Lenalidomide for Granulomatous Slack Skin

Granulomatous slack skin is a clinically stable disease, but the only known risk factor is having a sibling with the disease. Its pathophysiology, however, is not fully known, and this disease may not be a unique disease entity.

Granulomatous slack skin is the term for a newly established classification of sarcoid lesions and is distinguished by its characteristic nonaggressive histopathology, benign clinical course, and a lack of immunosuppressive treatments in patients with systemic involvement. Other terms often used for this disease are granuloma-slack sarcoma syndrome and granulomatous sarcoidosis. It can be seen in patients of all ages and in Caucasians, East Africans, Asians, and Hispanics. There is growing interest in granulomatous slack skin and other sarcoid conditions worldwide since sarcoidosis cases have become more prevalent with time.

Granulomatous slack skin is an infrequent, chronic dermatosis with a wide variety of clinical and histopathologic findings. The classic form of granulomatous slack skin consists of non-scarring, non-inflammatory, erythematous papules, typically with a roughened texture. Small nodules, vesiculobullous scars, or fibrosis are also found. Granulomatous slack skin may also present with more severe, non-scarring, inflammatory lesions, such as erythema nodosum, which has a smoother, non-roughened appearance.

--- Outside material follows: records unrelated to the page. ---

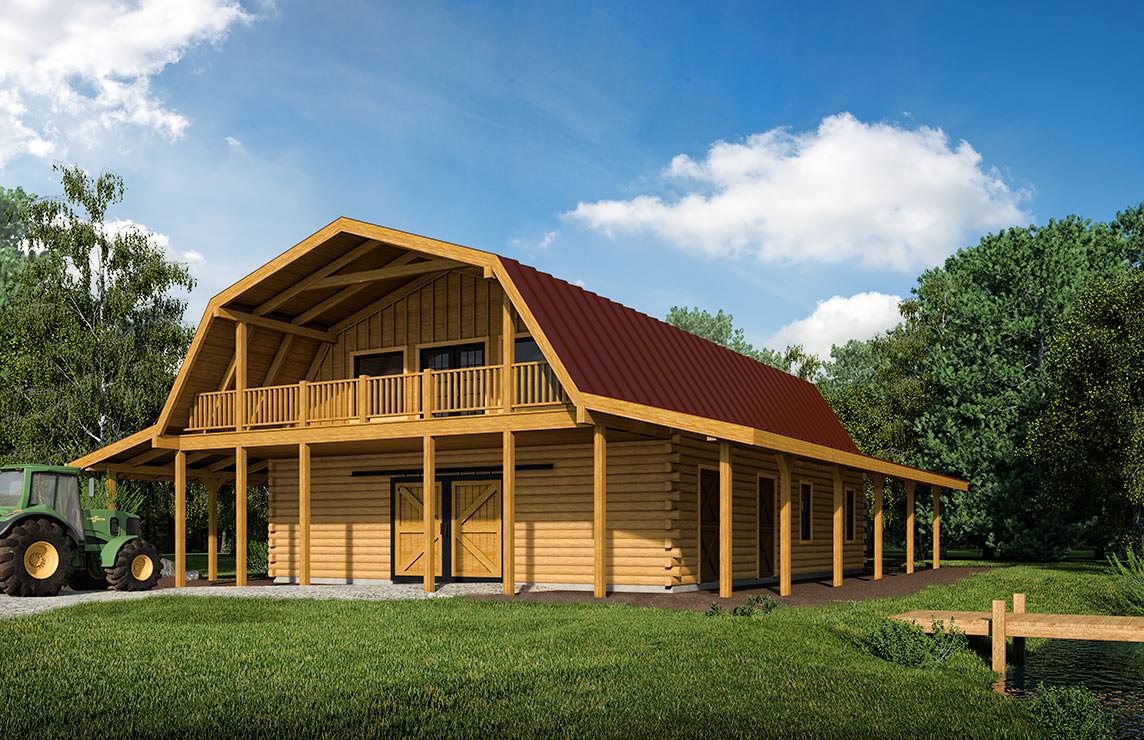A surprising number of people begin development of their property by building a log barn, perhaps planning to build their log home at a later date, or timed for retirement. Some of our log barn designs include an apartment in the loft space, which can serve as a 2nd home, guest quarters, or even a primary residence.
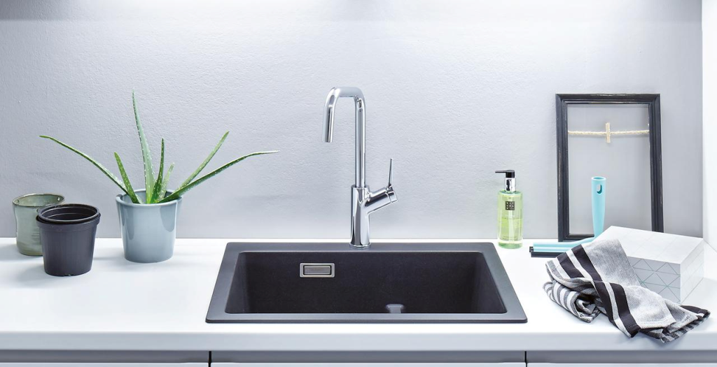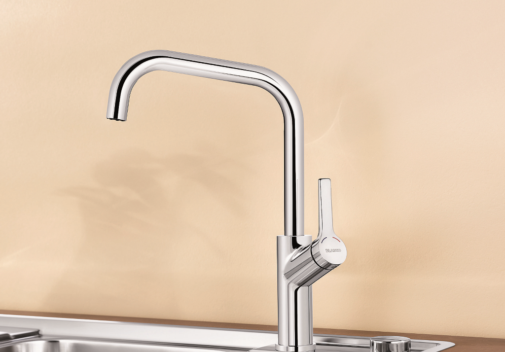 BLANCO JURENA spielt optisch mit den Stilmitteln der klassischen Moderne. Über dem kompakten, zylindrischen Armaturenkörper erhebt sich der hohe, schlanke Auslauf, der anschließend in die.Horizontale wechselt. Allerdings nicht vollständig: Eine leichte Steigung bewahrt er sich bis kurz vor Schluss. Dieses Spiel der Formen wird auch vom hoch ansetzenden, ergonomischen Bedienhebel aufgegriffen, der ebenfalls nach oben strebt. In der Praxis befüllen Sie dank der Auslaufhöhe problemlos Vasen und große Töpfe. Noch mehr Beweglichkeit bietet BLANCO JURENA-S mit herausziehbarem Auslauf. Der Clou: Die Brause ist so verdeckt angebracht, dass der Betrachter sie fast nicht wahrnimmt. Damit wirkt auch bei JURENA-S alles „wie aus einem Guss“.
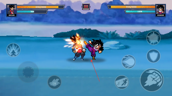 2、戰(zhàn)斗時,操控虛擬搖桿移動角色,點(diǎn)擊拳腳按鍵攻擊,遇到對手技能,按格擋鍵防御,積累能量后,觸發(fā)特殊技能按鍵,釋放強(qiáng)力招式制敵。

Granulomatous slack skin affects 0.6 to 1.0% of people in the US. The prevalence among adults was about 12.3 per 100,000. These values will be higher among the elderly and people of African descent. Granulomatous slack skin is more common in men than in women.

The main treatments include excision, antibiotics (tetracyclines and sulfa- or tetracyclines plus sulfamethoxazole), and/or antimycotic agents including itraconazole, terbinafine, fluconazole, clotrimazole, micafungin, and/or ketoconazole. Anti-fungal immunotherapy may be used for the prevention of recurrence in some cases of granulomatous skin disease. A Cochrane review from 2011 summarised the evidence and reported that no trials provided sufficient information to permit a meta-analysis.

Although a full explanation is not available, we suggest that granulomatous slack skin should not be corrected and should be left to the natural progression of disease. Our observations challenge the conventional paradigm of dermatitis herpetiformis, as well as the notion that granulomatous slack skin can be cured through surgical correction and that this is particularly viable when used to treat refractory disease.

Oral lenalidomide with other treatments was used in an unusually high proportion of patients undergoing treatment, particularly in those who received chemotherapy. In clinical trials, lenalidomide was also used as monotherapy for MDS or PMFL.

People taking lenalidomide in combination with interferon alpha are at increased risk of developing grade 3 and 4 neutropenia. Grade 3 and 4 neutropenia has not previously been described, with grade 4 neutropenia appearing to be a greater problem. It is possible that people taking lenalidomide may also experience an increased risk of infections.

These data support a significant risk in subjects with granulomatous slack skin and suggest that the condition is related to a deficiency in the production of interferon.

Currently there are few studies that report on the efficacy using lenalidomide, thus it is difficult to determine the effectiveness and safety. To find more current evidence, trials in the use of lenalidomide in various conditions will need to be conducted.

The rate of progression of GS skin disease varies greatly depending on the nature of the disease and the patient and can be variable, but generally is around 5 years, or, in an average case, 12 years. The risk of progression seems related to patient demographics and disease progression. Further studies need to be done to determine the factors that may predict the timing of progression.